= Chikakiyo's fifth daughter =

Unidentified poet of the Kamakura period

Taira no Chikakiyo's fifth daughter (平親清五女, Taira no Chikakiyo no gojo) was a Japanese waka poet of the Kamakura period.

== Biography ==
The Kamakura-period waka poet conventionally known in Japanese as Taira no Chikakiyo no gojo was the daughter of Taira no Chikakiyo and . This "name" translates to "Taira no Chikakiyo's fifth daughter", and her personal name is unknown.

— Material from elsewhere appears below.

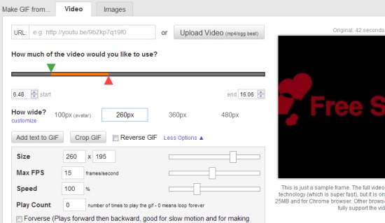 Video Option: Use this option to extract a part of video file as animated gif. You can upload an online video or video from PC. Once the video has been uploaded, you can select the start and end part of video segments, width for output animation (not more than 360 px), and can hit the same generate GIF button to get the output. If you want, you can even add text for output as watermark, can adjust Maximum FPS, speed, and loops (number of repetitions) for output animated gif.
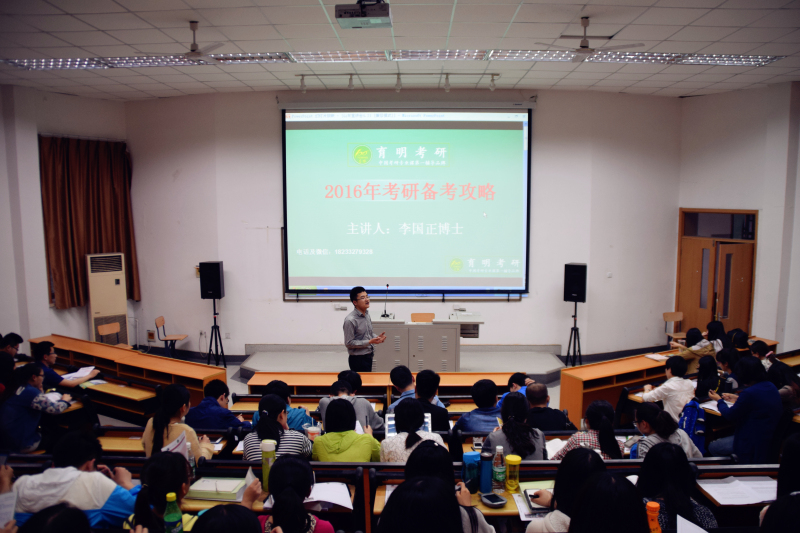 首先,李国正博士根据自己以往的阅卷经验就英语和政治两门学科进行了深入的分析,他从阅卷人的角度为同学们提出了自己的见解,也和同学们分享了答题技巧和经验。他指出,在距离考研还有八个多月的时间里,同学们应该有目地的来备考,并强调“态度决定一切”不打无准备之仗。随后,他以中国比较知名的高校为例,讲解了各大名校的招生计划,并结合学校的招生要求逐科进行讲解,清楚的分析了同学们的优势以及要克服的困难。最后,他为同学们报考什么样的大学提出了中肯的建议,并要求同学们结合自己的实际情况报考。会议在他风趣幽默的讲解和阵阵掌声中圆满结束,同学们也在这次辅导中得到了专业的指导和考研的信心。

She was the full sibling of Chikakiyo's fourth daughter. Her relationship (and that of the aforementioned fourth daughter) to the "Chikakiyo's daughter" (平親清女, Taira no Chikakiyo no musume), whose poems appear in the Shoku-Kokin Wakashū and later imperial anthologies, and "Chikakiyo's daughter's younger sister" (平親清女妹, Taira no Chikakiyo no musume no imōto), whose poems appear in the Shoku-Shūi Wakashū and later anthologies, is unknown. At some point she was on Mount Mino (美濃の御山, Mino no oyama). After entering religious orders she lived deep in Higashiyama.

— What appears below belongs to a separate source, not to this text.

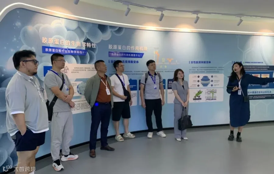 在参观期间,佟刚董事长重点介绍了展馆内新增设的“全球认证墙”及其战略意义。该展区呈现了公司国际化进程:2023年正式设立香港分公司,构建全球化运营的桥头堡;2025年核心原料成功完成FDA备案,取得进入欧美高端市场通道的“入场券”;近期越南考察标志着东南亚市场战略落地的关键进展。

Both her birth and death dates are unknown.

== Poetry ==
The Archives and Mausolea Department of the Imperial Household Agency has two books known as the Taira no Chikakiyo' Fifth Daughter Anthology (平親清五女集, Taira no Chikakiyo no Gojo Shū) comprising 403 poems and 270 poems respectively. The ordering of the poems differs between the two collections, and each contains poems the other does not. These anthologies show she exchanged poetry with her mother, elder sister and niece ("Chikatoki's daughter" (親時女, Chikatoki no musume). As well as organizing poetic gatherings (utakai) on set topics, she composed elegies for 持明院の女院 (Dowager Empress of Jimyōin), 花山院入道前右大臣 (Former Minister of the Right, Nyudo Kazanin), 花山院左大将 (Hanazono-in Left General), and others. She also had poems commissioned by the daughter of "the lord of manor" (Kujō Michiie).